Heart failure is a leading cause of mortality worldwide, with an estimated 64.3 million people affected globally. Early prediction of adverse outcomes using routinely collected clinical data can substantially improve patient management and resource allocation. This project applies both supervised and unsupervised machine learning techniques to the Heart Failure Clinical Records dataset (Chicco & Jurman, 2020) to predict patient mortality. We implement and compare two deep learning classifiers — a Convolutional Neural Network (CNN) and a Long Short-Term Memory Recurrent Neural Network (LSTM-RNN) — alongside two unsupervised approaches — K-Means clustering and a custom Self-Organizing Map (SOM).

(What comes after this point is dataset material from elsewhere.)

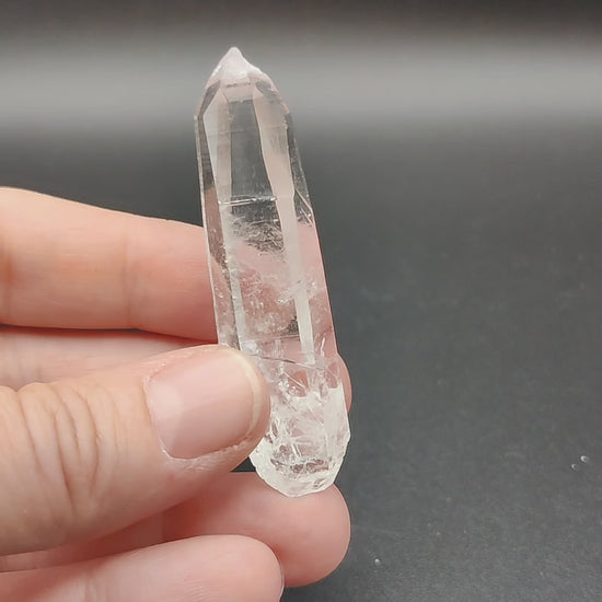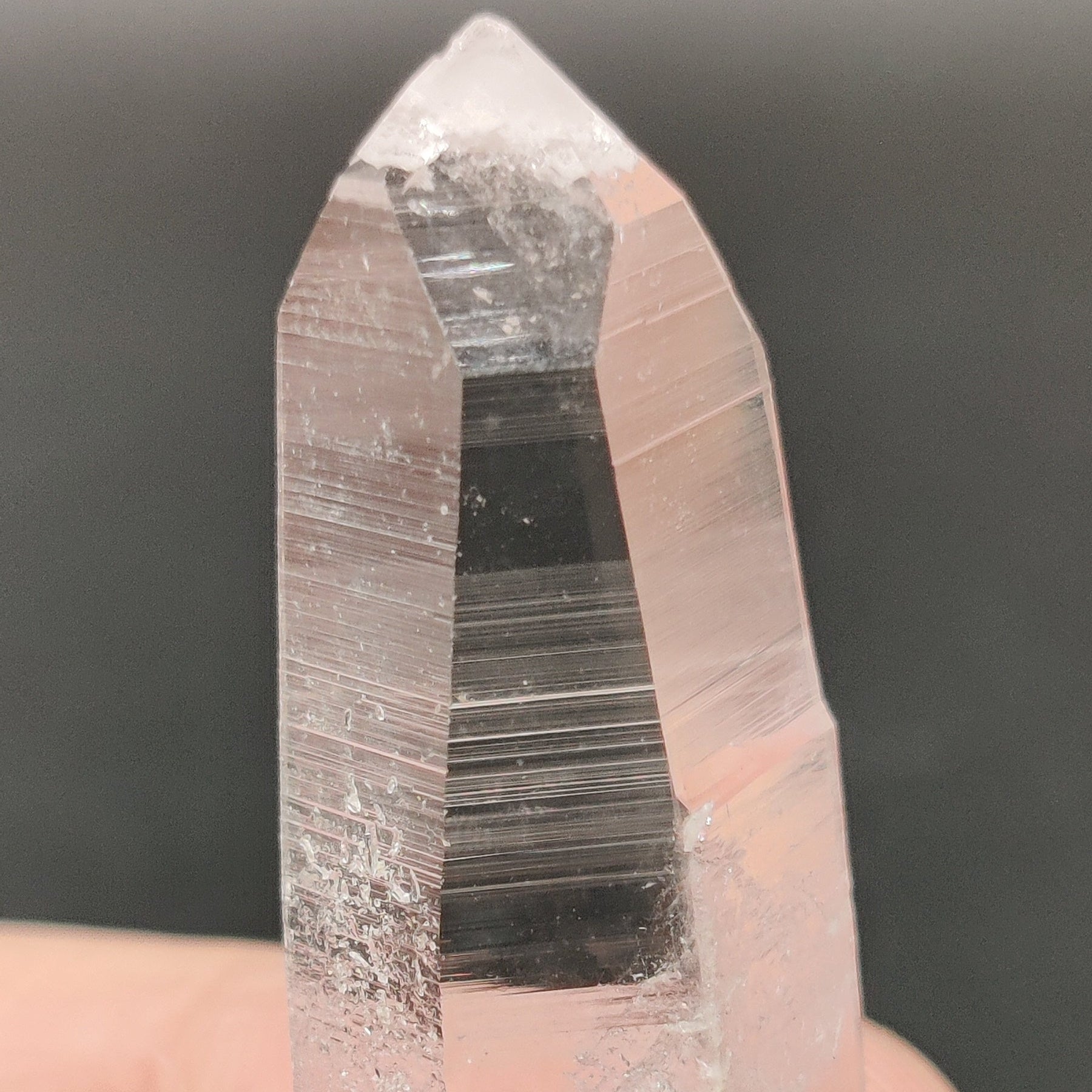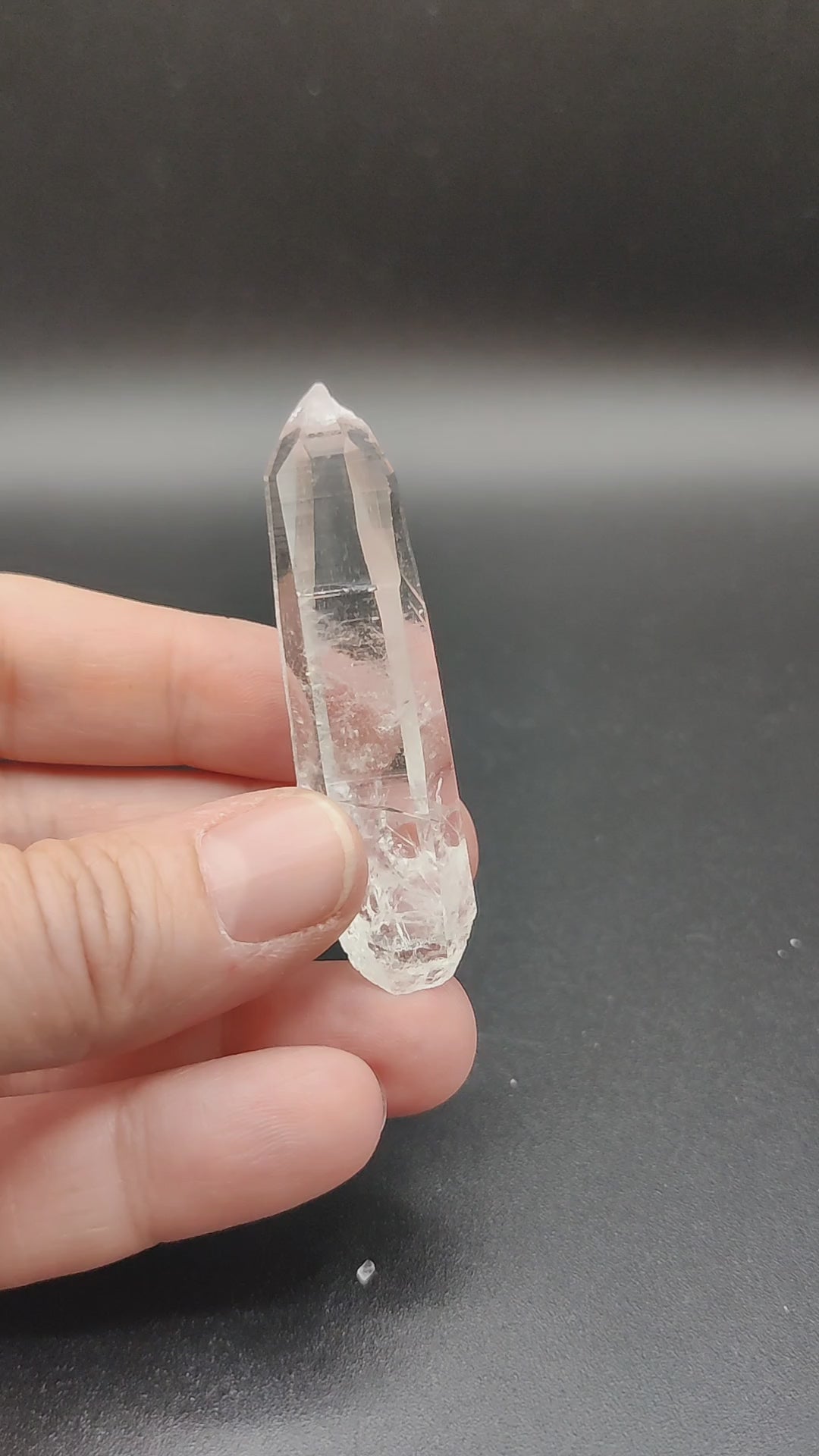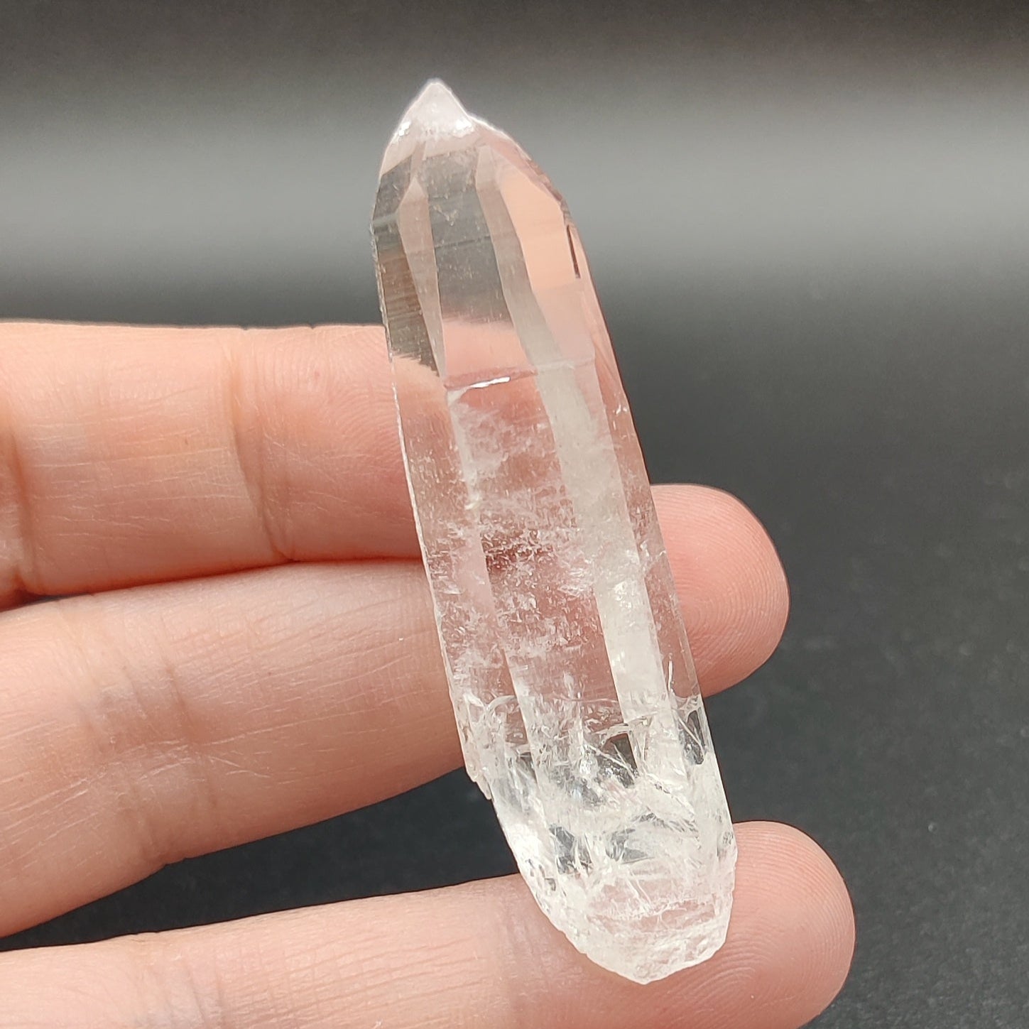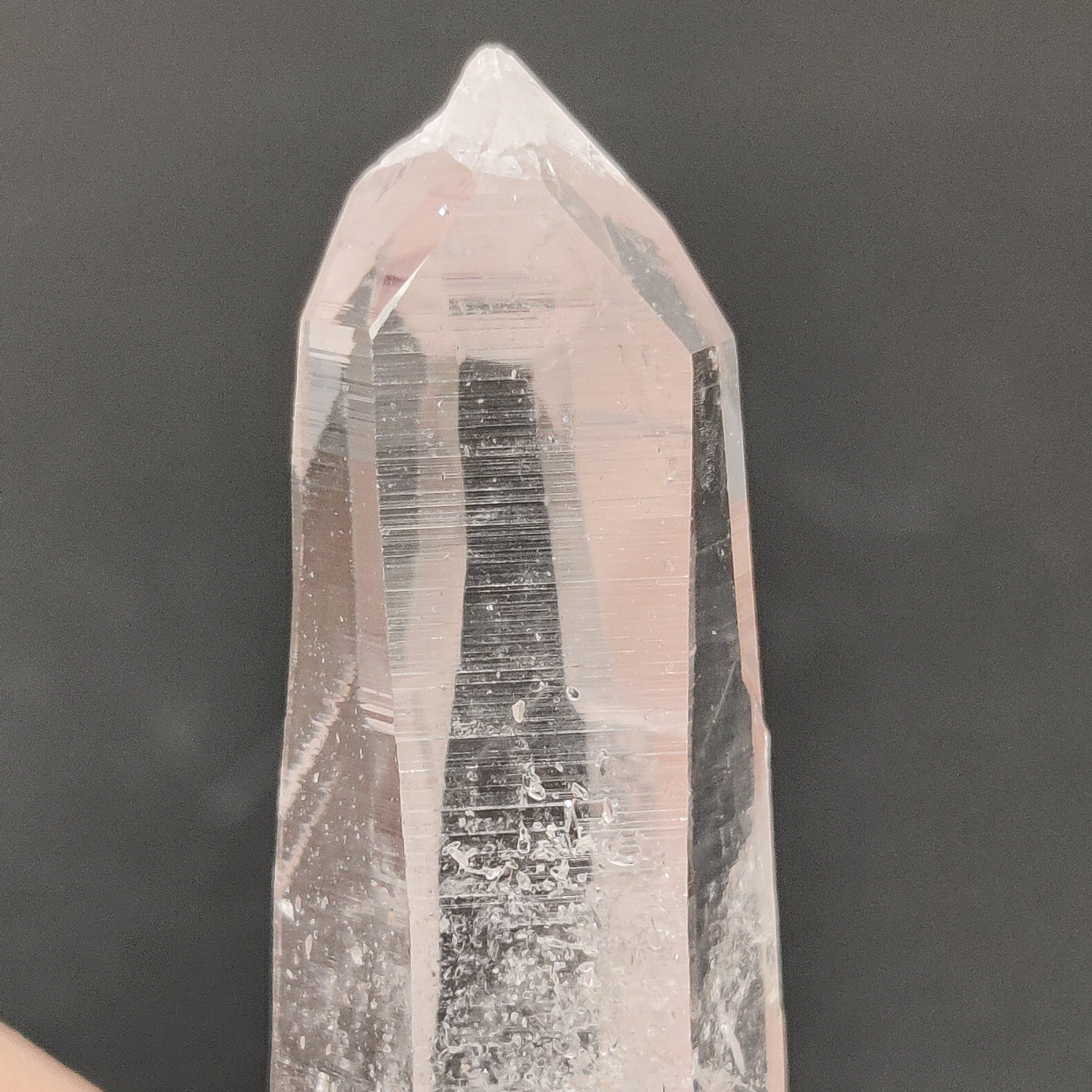 Punta individual con hábito muzo de cuarzo láser lemuriano. Muy transparente y con inclusiones.
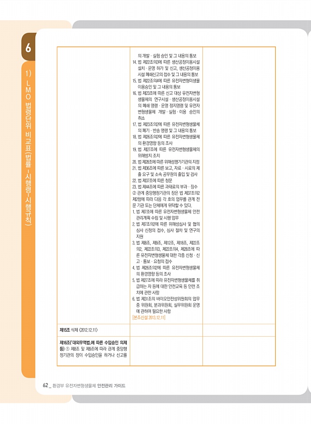6 62 _ 환경부 유전자변형생물체 안전관리 가이드 1 L M O 법령단위 비교표 법률- 시행령- 시행규칙 제15조 삭제 2012.12.11 제16조 「대외무역법」에 따른 수입승인 의제 등 ① 제8조 및 제9조에 따라 관계 중앙행 정기관의 장이 수입승인을 하거나 신고를 의 개발ㆍ실험 승인 및 그 내용의 통보 14. 법 제22조의3에 따른 생산공정이용시설 설치ㆍ운영 허가 및 신고, 생산공정이용 시설 폐쇄신고의 접수 및 그 내용의 통보 15. 법 제22조의4에 따른 유전자변형미생물 이용승인 및 그 내용의 통보 16. 법 제23조에 따른 신고 대상 유전자변형 생물체의 연구시설ㆍ생산공정이용시설 의 폐쇄 명령ㆍ운영 정지명령 및 유전자 변형생물체 개발ㆍ실험ㆍ이용 승인의 취소 17. 법 제23조의2에 따른 유전자변형생물...

A lightweight Random Forest model is also trained and exported for real-time inference through an interactive Streamlit web application.

Background

Cardiovascular diseases account for approximately 31% of all global deaths (WHO, 2021). Heart failure specifically occurs when the heart cannot pump sufficient blood to meet the body's needs. Timely prediction of patient outcomes following a heart failure episode is critical for clinical decision-making.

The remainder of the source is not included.